─── DATA

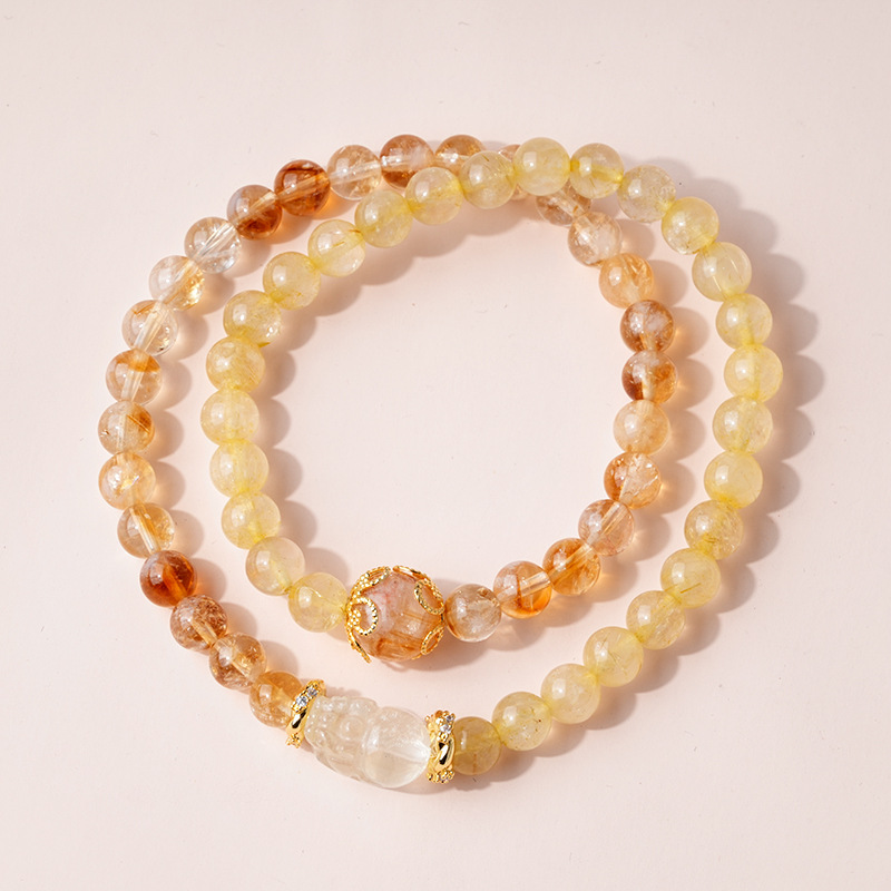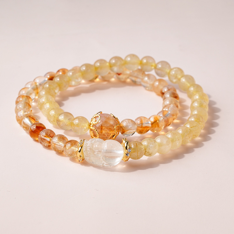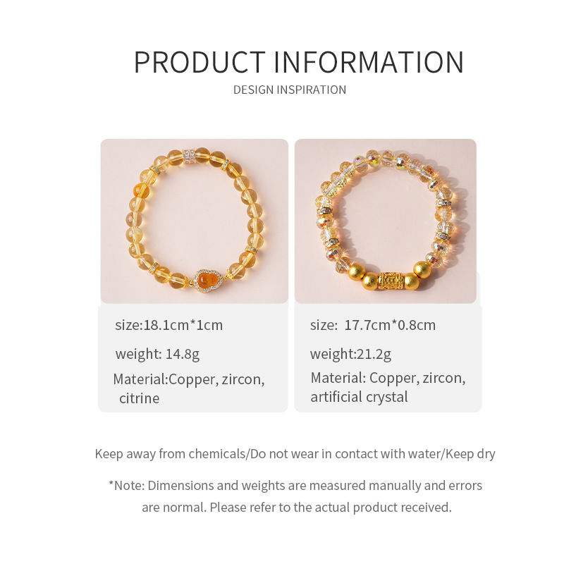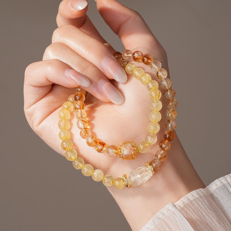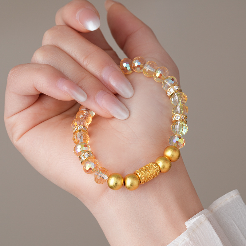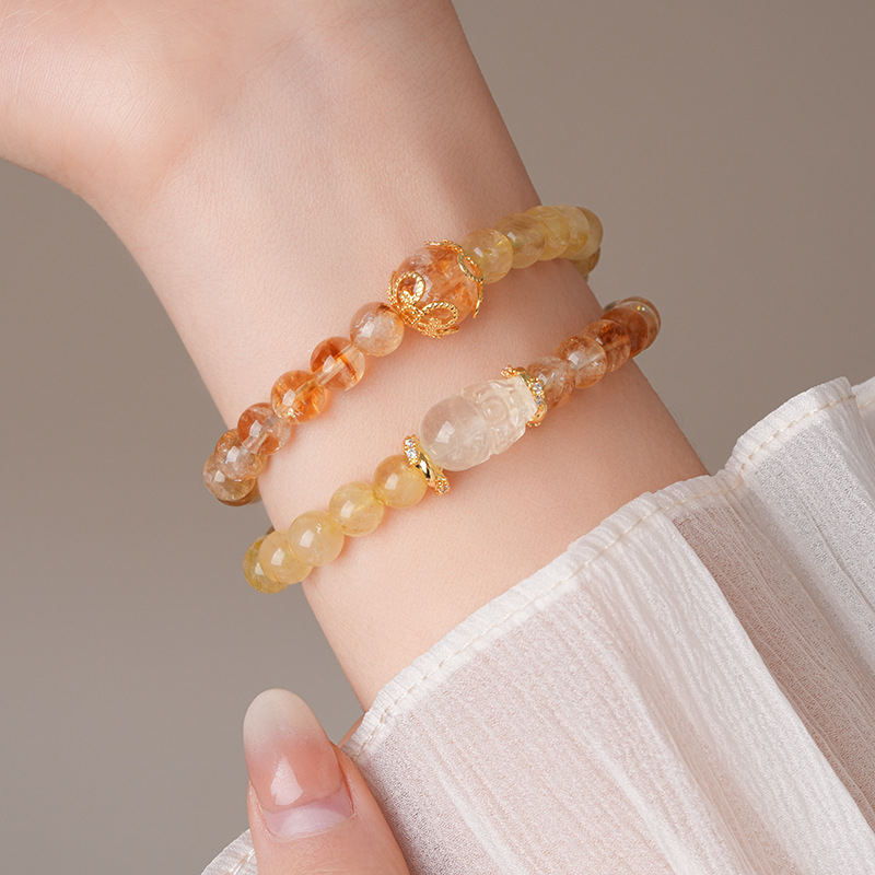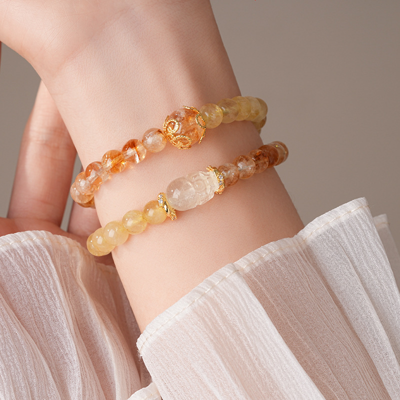 黄水晶锆石葫芦花朵圆球手链复古时尚轻奢高级感手串百搭精致手饰
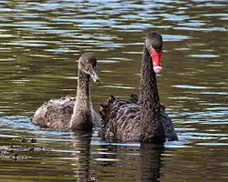 29. ^ Braithwaite, L. W. (1981). "Ecological studies of the Black Swan III – Behaviour and social organization". Australian Wildlife Research. 8 (1): 134–146. Bibcode:1981WildR...8..135B. doi:10.1071/WR9810135.
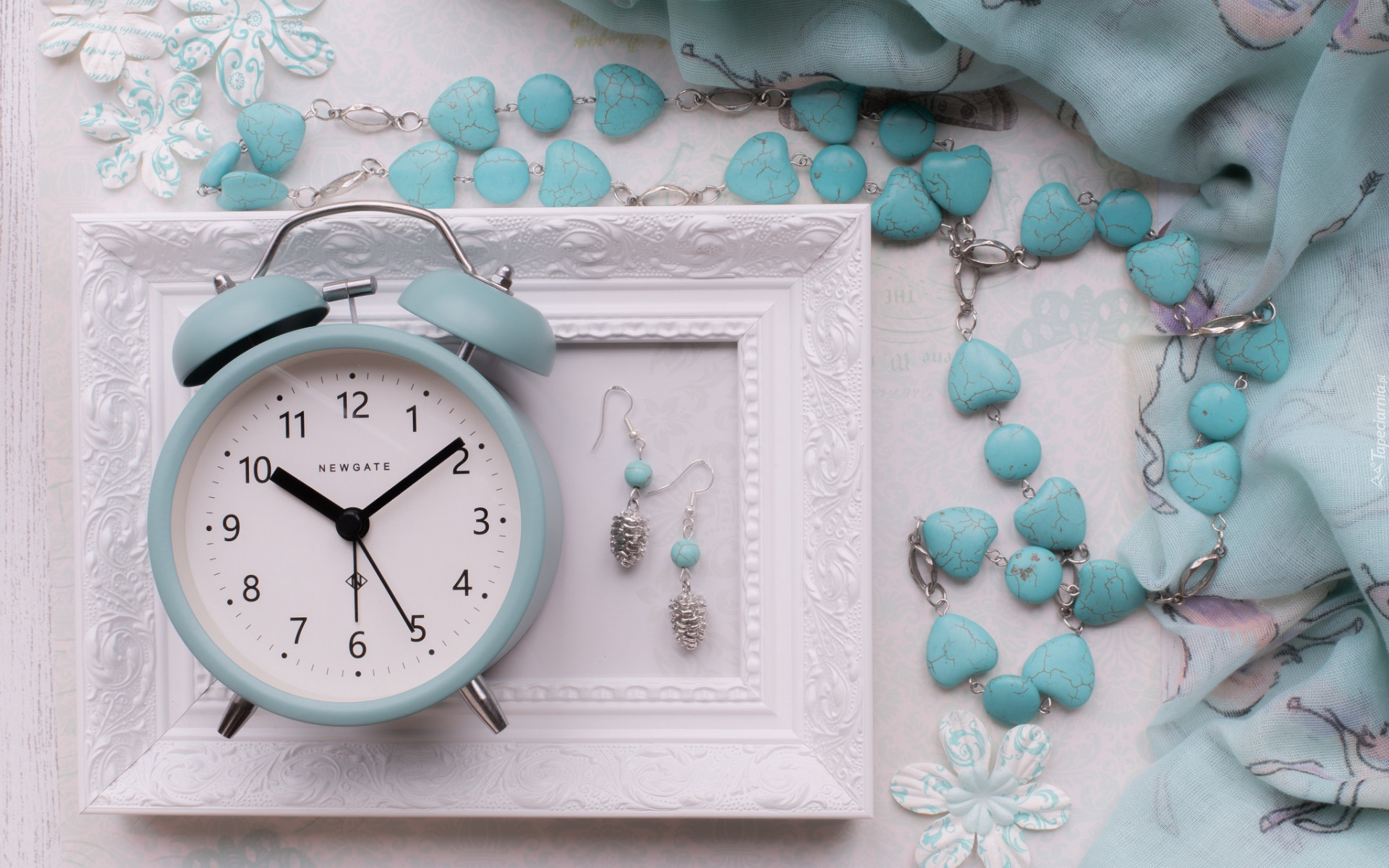 Edytor tapety: Budzik na ramce obok biżuterii
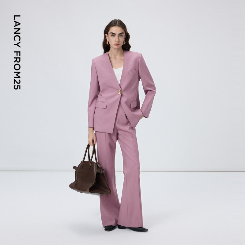 朗姿绵羊毛V领优雅气质通勤西装/西裤时尚西服套装2026年春季新款
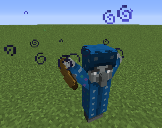 2. Новый моб — Иллюзор (Illusioner). Иллюзор — враждебный моб, атакующий игроков, жителей деревень, железных големов с расстояния 12 блоков. На игрока он накладывает эффект ослепления. На себя же он может наложить эффект невидимости и призвать четыре иллюзии, изображающих его самого.
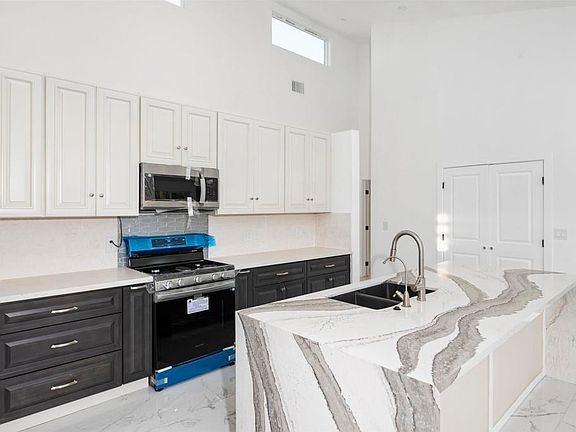 Gated circular drivewayDramatic waterfall islandGourmet kitchenSerene retreatLuxurious ensuite bathSleek white wallsRichly veined stone
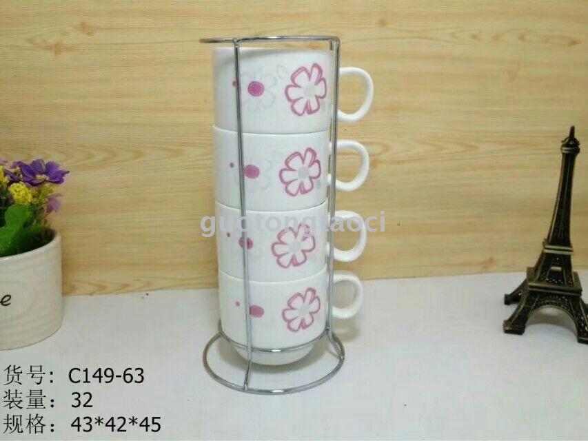 - 国通陶瓷套四陶瓷叠叠杯早餐杯咖啡杯创意礼品陶瓷礼品

──────

> REQUIRED WORK:
Type the records out again in full, exactly, with each picture omitted.

> ANSWER SECTION:
 黄水晶锆石葫芦花朵圆球手链复古时尚轻奢高级感手串百搭精致手饰
 29. ^ Braithwaite, L. W. (1981). "Ecological studies of the Black Swan III – Behaviour and social organization". Australian Wildlife Research. 8 (1): 134–146. Bibcode:1981WildR...8..135B. doi:10.1071/WR9810135.
 Edytor tapety: Budzik na ramce obok biżuterii
 朗姿绵羊毛V领优雅气质通勤西装/西裤时尚西服套装2026年春季新款
 2. Новый моб — Иллюзор (Illusioner). Иллюзор — враждебный моб, атакующий игроков, жителей деревень, железных големов с расстояния 12 блоков. На игрока он накладывает эффект ослепления. На себя же он может наложить эффект невидимости и призвать четыре иллюзии, изображающих его самого.
 Gated circular drivewayDramatic waterfall islandGourmet kitchenSerene retreatLuxurious ensuite bathSleek white wallsRichly veined stone
 - 国通陶瓷套四陶瓷叠叠杯早餐杯咖啡杯创意礼品陶瓷礼品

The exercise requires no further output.